[PATCH] Optimize wait_sb_inodes()

Thu Jun 27 02:40:42 PDT 2013

On Thu, Jun 27, 2013 at 04:22:04PM +0900, OGAWA Hirofumi wrote:
> Dave Chinner <david at fromorbit.com> writes:
> 
> >> Otherwise, vfs can't know the data is whether after sync point or before
> >> sync point, and have to wait or not. FS is using the behavior like
> >> data=journal has tracking of those already, and can reuse it.
> >
> > The VFS writeback code already differentiates between data written
> > during a sync operation and that dirtied after a sync operation.
> > Perhaps you should look at the tagging for WB_SYNC_ALL writeback
> > that write_cache_pages does....
> >
> > But, anyway, we don't have to do that on the waiting side of things.
> > All we need to do is add the inode to a "under IO" list on the bdi
> > when the mapping is initially tagged with pages under writeback,
> > and remove it from that list during IO completion when the mapping
> > is no longer tagged as having pages under writeback.
> >
> > wait_sb_inodes() just needs to walk that list and wait on each inode
> > to complete IO. It doesn't require *any awareness* of the underlying
> > filesystem implementation or how the IO is actually issued - if
> > there's IO in progress at the time wait_sb_inodes() is called, then
> > it waits for it.
> >
> >> > Fix the root cause of the problem - the sub-optimal VFS code.
> >> > Hacking around it specifically for out-of-tree code is not the way
> >> > things get done around here...
> >> 
> >> I'm thinking the root cause is vfs can't have knowledge of FS internal,
> >> e.g.

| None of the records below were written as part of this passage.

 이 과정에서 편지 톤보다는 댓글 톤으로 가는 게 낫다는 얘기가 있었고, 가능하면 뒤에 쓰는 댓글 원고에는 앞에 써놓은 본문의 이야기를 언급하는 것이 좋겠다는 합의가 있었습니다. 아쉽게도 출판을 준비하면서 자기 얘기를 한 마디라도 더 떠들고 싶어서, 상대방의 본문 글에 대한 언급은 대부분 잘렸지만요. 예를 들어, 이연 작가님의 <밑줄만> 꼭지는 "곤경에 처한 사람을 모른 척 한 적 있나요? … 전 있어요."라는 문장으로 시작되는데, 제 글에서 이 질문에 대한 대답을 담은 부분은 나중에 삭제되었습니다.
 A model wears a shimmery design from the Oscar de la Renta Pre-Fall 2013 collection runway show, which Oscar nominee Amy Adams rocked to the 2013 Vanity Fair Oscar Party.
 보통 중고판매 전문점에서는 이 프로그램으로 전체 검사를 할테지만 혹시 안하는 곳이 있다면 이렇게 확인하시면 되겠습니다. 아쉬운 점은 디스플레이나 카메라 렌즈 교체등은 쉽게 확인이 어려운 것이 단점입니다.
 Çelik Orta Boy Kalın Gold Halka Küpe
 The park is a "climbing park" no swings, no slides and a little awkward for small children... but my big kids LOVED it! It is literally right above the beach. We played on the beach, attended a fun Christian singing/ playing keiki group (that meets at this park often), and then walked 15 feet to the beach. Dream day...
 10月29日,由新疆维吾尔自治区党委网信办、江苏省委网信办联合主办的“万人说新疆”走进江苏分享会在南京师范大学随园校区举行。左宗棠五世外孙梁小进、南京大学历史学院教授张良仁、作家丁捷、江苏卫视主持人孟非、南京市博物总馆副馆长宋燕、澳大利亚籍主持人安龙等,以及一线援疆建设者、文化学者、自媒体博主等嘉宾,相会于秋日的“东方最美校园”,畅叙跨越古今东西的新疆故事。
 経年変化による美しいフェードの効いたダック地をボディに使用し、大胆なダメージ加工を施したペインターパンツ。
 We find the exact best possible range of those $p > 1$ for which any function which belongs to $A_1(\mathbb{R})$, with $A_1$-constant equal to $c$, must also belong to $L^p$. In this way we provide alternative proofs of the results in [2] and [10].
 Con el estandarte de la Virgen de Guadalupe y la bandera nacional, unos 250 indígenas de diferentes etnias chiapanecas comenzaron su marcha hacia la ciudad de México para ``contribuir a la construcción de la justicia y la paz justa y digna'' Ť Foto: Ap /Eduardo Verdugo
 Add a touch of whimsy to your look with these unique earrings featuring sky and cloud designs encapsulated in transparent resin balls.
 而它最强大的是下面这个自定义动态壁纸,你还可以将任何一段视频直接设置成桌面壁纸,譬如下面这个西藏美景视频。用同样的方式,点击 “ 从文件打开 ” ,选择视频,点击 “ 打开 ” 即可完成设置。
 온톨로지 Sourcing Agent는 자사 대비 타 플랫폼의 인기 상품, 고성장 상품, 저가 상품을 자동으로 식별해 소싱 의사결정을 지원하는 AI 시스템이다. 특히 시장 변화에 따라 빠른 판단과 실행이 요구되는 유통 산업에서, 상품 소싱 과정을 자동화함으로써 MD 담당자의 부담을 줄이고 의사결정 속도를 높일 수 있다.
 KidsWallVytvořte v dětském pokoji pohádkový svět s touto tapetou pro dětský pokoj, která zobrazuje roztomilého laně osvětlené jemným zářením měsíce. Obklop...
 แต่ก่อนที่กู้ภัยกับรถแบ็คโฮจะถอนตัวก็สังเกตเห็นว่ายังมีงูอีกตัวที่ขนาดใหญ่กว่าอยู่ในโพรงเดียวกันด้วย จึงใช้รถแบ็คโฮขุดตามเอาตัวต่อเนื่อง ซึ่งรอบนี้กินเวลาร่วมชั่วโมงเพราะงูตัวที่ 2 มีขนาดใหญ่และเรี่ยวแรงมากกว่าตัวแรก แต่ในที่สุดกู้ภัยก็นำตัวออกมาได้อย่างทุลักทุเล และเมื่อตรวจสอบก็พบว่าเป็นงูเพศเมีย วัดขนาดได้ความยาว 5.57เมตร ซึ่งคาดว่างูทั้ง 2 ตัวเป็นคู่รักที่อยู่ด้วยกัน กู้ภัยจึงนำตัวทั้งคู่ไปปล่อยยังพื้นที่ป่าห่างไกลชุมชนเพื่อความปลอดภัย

FS is handling data transactional way, or not.
> >
> > If the filesystem has transactional data/metadata that the VFS is
> > not tracking, then that is what the ->sync_fs call is for. i.e. so
> > the filesystem can then do what ever extra writeback/waiting it
> > needs to do that the VFS is unaware of.
> >
> > We already cater for what Tux3 needs in the VFS - all you've done is
> > found an inefficient algorithm that needs fixing.
> 
> write_cache_pages() is library function to be called from per-FS. So, it
> is not under vfs control can be assume already. And it doesn't do right
> things via write_cache_pages() for data=journal, because it handles for
> each inodes, not at once. So, new dirty data can be inserted while
> marking.

Sure it can. But that newly dirtied data has occurred after the data
integrity writeback call was begun, so it's not part of what the
writeback code call needs to write back. We are quite entitled to
ignore it for the purposes of a data integrity sync because it as
dirtied *after* write_cache_pages() was asked to sync the range of
the inode.

IOWs, the VFS draws a line in the sand at a point in time when each
inode is written for a data integrity sync. You have to do that
somewhere, and there's little point in making that a global barrier
when it is not necessary to do so.

tux3 draws a different line in the sand, as does ext3/4
data=journal.  In effect, tux3 and ext3/4 data=journal define a
global point in time that everything is "in sync", and that's way
above what is necessary for a sync(2) operation.  The VFS already
has equivalent functionality - it's the state we force filesystems
into when they are frozen. i.e. freezing a filesystem forces it down
into a state where it is transactionally consistent on disk w.r.t
both data and metadata.  sync(2) does not require these
"transactionally consistent" semantics, so the VFS does not try to
provide them.

Anyway, this is a moot discussion. I've already got prototype code
that fixes the wait_sb_inodes() problem as somebody is having
problems with many concurrent executions of wait_sb_inodes() causing
severe lock contention...

Cheers,

Dave.
-- 
Dave Chinner
david at fromorbit.com